----- Data in this exercise

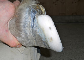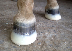 Die weitere Möglichkeit die Abnutzung zu Stoppen und den Huf zu Schonen, gibt es durch den Aufbau einer künstlichen Schicht direkt auf den Tragerand des Hufes, um zum Beispiel bei plötzlich zu stark abgenutzten Hufen, einen Schutz für die Sohle zu bitten.
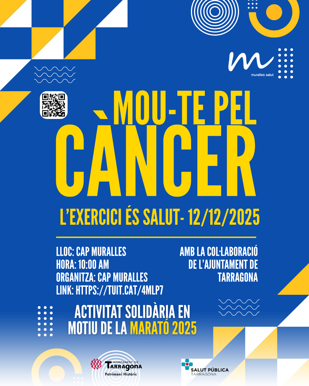 El proper divendres 12 de desembre, a les 10h, t’esperem al CAP Muralles per participar en una caminada solidària en suport de La Marató 2025, aquest any dedicada al càncer.
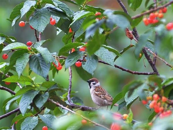 樱桃,是李属类植物的统称,包括樱桃亚属、酸樱桃亚属、桂樱亚属等。乔木,高2-6米,树皮灰白色。小枝灰褐色,嫩枝绿色,无毛或被疏柔毛。冬芽卵形,无毛。
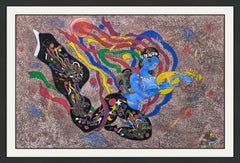 This painting is a vibrant abstract expressionist work in the style of Jackson Pollock, characterized by energetic, chaotic splatters, drips, and interwoven lines of paint. With bold...
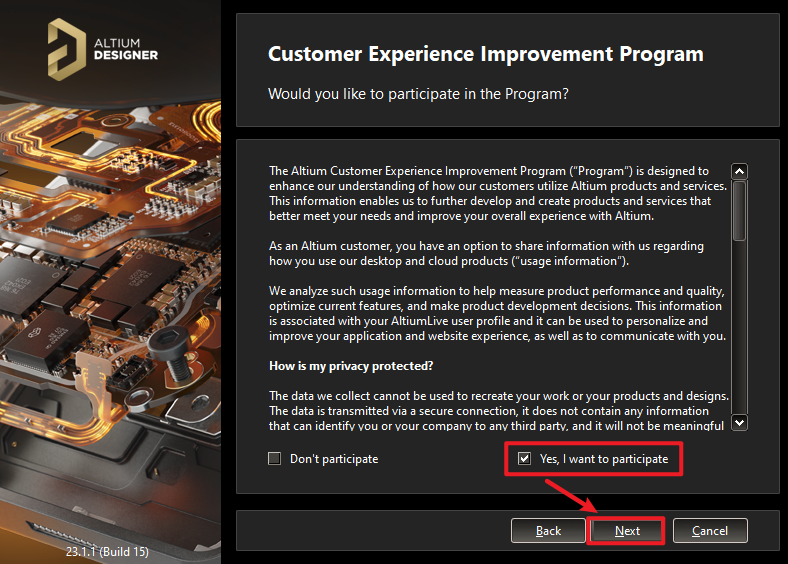 6、选择【Yes I want to participate】,点击【Next】。

----------

> **Your assignment**
For this task, return exactly the stretch of the listing above from the line with "El proper divendres" through the line with "樱桃,是李属类植物的统称,包", inclusive and without pictures.

> **Answer below**
 El proper divendres 12 de desembre, a les 10h, t’esperem al CAP Muralles per participar en una caminada solidària en suport de La Marató 2025, aquest any dedicada al càncer.
 樱桃,是李属类植物的统称,包括樱桃亚属、酸樱桃亚属、桂樱亚属等。乔木,高2-6米,树皮灰白色。小枝灰褐色,嫩枝绿色,无毛或被疏柔毛。冬芽卵形,无毛。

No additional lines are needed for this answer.